To achieve these same results, follow the steps in the Quick Start Guide.

Fine-tuning

Our results were obtained by running the scripts/finetune_base_benchmark.sh training script in the PyTorch 22.11-py3 NGC container on NVIDIA A100 (8x A100 80GB) GPUs. Performance numbers in transformer tokens per second were averaged over an entire training epoch.

GPUs Concat batches / GPU Grad accumulation Throughput - TF32 Throughput - mixed precision Throughput speedup (TF32 to mixed precision) Strong scaling - TF32 Strong scaling - mixed precision
1 8 1 34813.46 41275.76 1.19 1.00 1.00
4 2 1 102326.57 132361.62 1.29 2.94 3.21
8 1 1 163610.16 207200.91 1.27 4.70 5.02

To achieve these same results, follow the steps in the Quick Start Guide.

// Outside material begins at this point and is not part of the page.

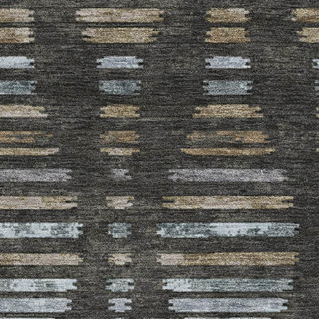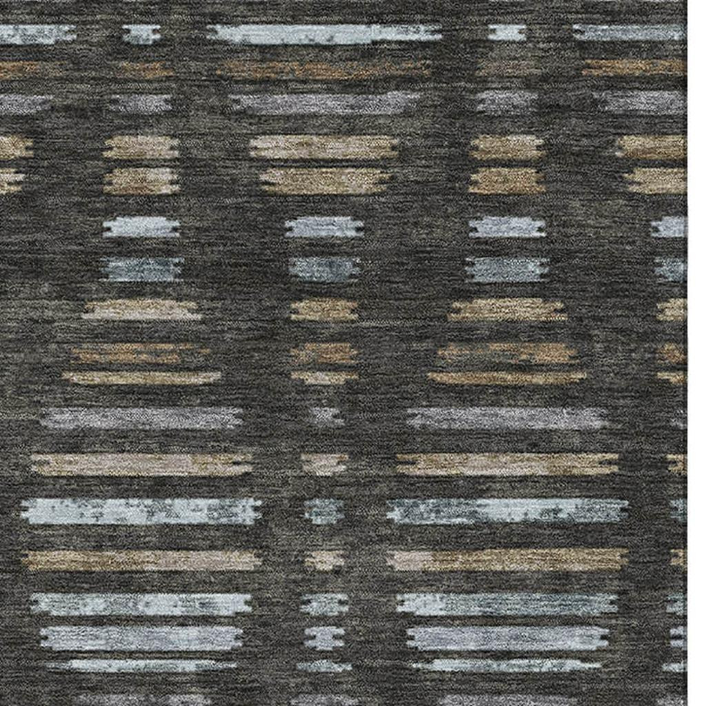 Add great coloration and comfortable texture to your space with this 10-foot x 14-foot coffee and gray striped washable area rug with uv protection. Ideal for spaces with kids and pets, this rug is stain resistant to help repel dirt and spilled liquids. Built to last, this rug crafted from polyester fibers is known for its durability and long lasting appeal. Rugs are a great way to showcase your style, hide imperfections, warm your home and reduce noise. This larger sized, transitional styled rug is ready to create a focal point or statement piece in your room. 120.00-inch h x 168.00-inch w x 0.39-inch d.

Inference performance results

Inference performance: NVIDIA DGX A100 (1x A100 80GB)

Our results were obtained by running the scripts/inference_benchmark.sh inferencing benchmarking script in the PyTorch 22.11-py3 NGC container on the NVIDIA A100 (1x A100 80GB) GPU. The script runs inference on the test-other subset of LibriSpeech in variable-length batches.

Duration BF16 Latency (ms) Percentiles TF32 Latency (ms) Percentiles BF16/TF32 speedup
BS Avg 90% 95% 99% Avg 90% 95% 99% Avg Avg
1 6.54 s 11.02 11.41 12.42 10.45 10.88 11.23 12.51 10.31 0.99
4 6.54 s 21.74 24.12 35.80 17.69 23.17 26.85 41.62 18.42 1.04
8 6.54 s 40.06 48.07 74.59 28.70 46.43 54.86 88.73 31.30 1.09
16 6.54 s 88.78 117.40 151.37 58.82 102.64 135.92 175.68 67.44 1.15

To achieve these same results, follow the steps in the Quick Start Guide.